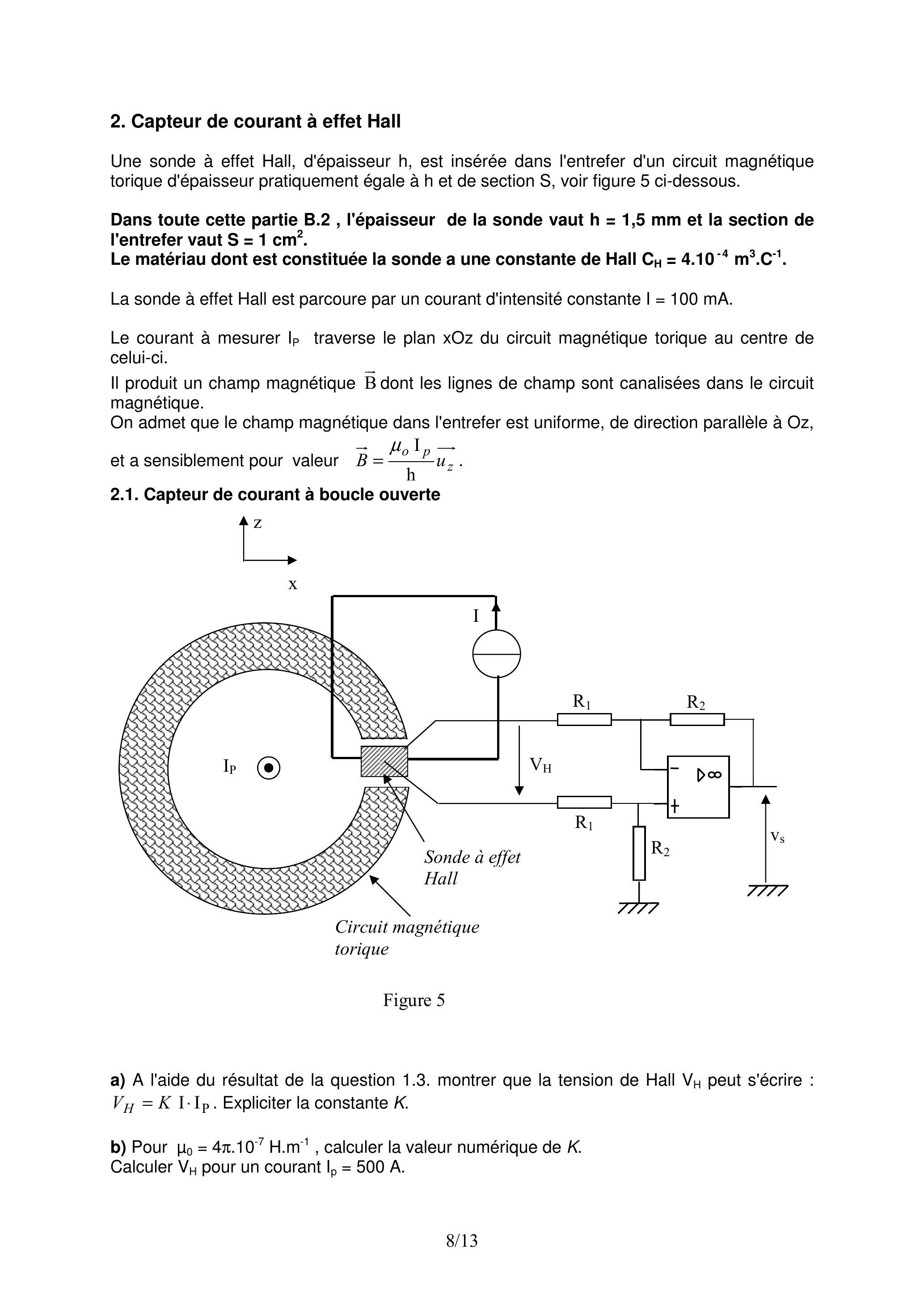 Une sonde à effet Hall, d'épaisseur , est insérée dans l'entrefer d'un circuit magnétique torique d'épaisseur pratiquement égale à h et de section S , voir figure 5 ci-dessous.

·····

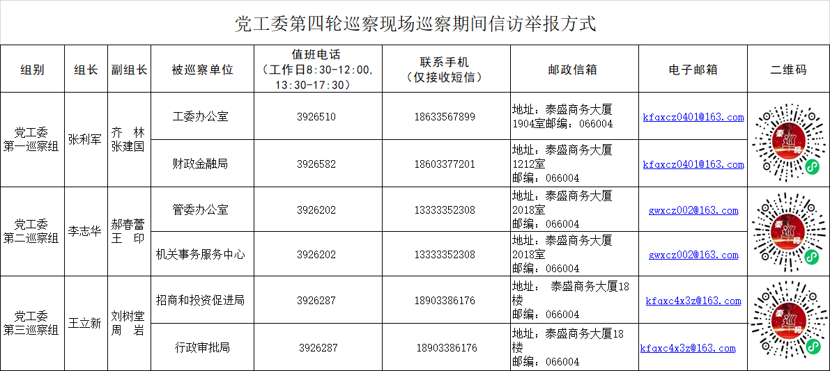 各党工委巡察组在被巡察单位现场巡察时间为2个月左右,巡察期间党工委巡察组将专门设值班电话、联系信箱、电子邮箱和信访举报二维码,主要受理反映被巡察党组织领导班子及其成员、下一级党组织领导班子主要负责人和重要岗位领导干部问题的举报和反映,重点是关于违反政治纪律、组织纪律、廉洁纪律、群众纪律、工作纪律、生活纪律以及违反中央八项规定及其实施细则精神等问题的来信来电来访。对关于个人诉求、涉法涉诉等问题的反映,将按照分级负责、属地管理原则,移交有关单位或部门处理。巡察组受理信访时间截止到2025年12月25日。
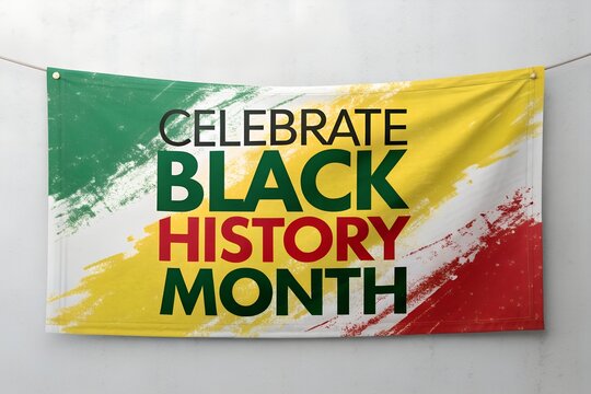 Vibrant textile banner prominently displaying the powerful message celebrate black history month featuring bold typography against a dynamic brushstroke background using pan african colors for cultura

·····

* _Assigned task_
Starting at the line above that holds "各党工委巡察组在被巡察单位现", return each line up to and including the one that holds "Vibrant textile banner", exactly as written, minus any pictures.

* _Result of this task_
 各党工委巡察组在被巡察单位现场巡察时间为2个月左右,巡察期间党工委巡察组将专门设值班电话、联系信箱、电子邮箱和信访举报二维码,主要受理反映被巡察党组织领导班子及其成员、下一级党组织领导班子主要负责人和重要岗位领导干部问题的举报和反映,重点是关于违反政治纪律、组织纪律、廉洁纪律、群众纪律、工作纪律、生活纪律以及违反中央八项规定及其实施细则精神等问题的来信来电来访。对关于个人诉求、涉法涉诉等问题的反映,将按照分级负责、属地管理原则,移交有关单位或部门处理。巡察组受理信访时间截止到2025年12月25日。
 Vibrant textile banner prominently displaying the powerful message celebrate black history month featuring bold typography against a dynamic brushstroke background using pan african colors for cultura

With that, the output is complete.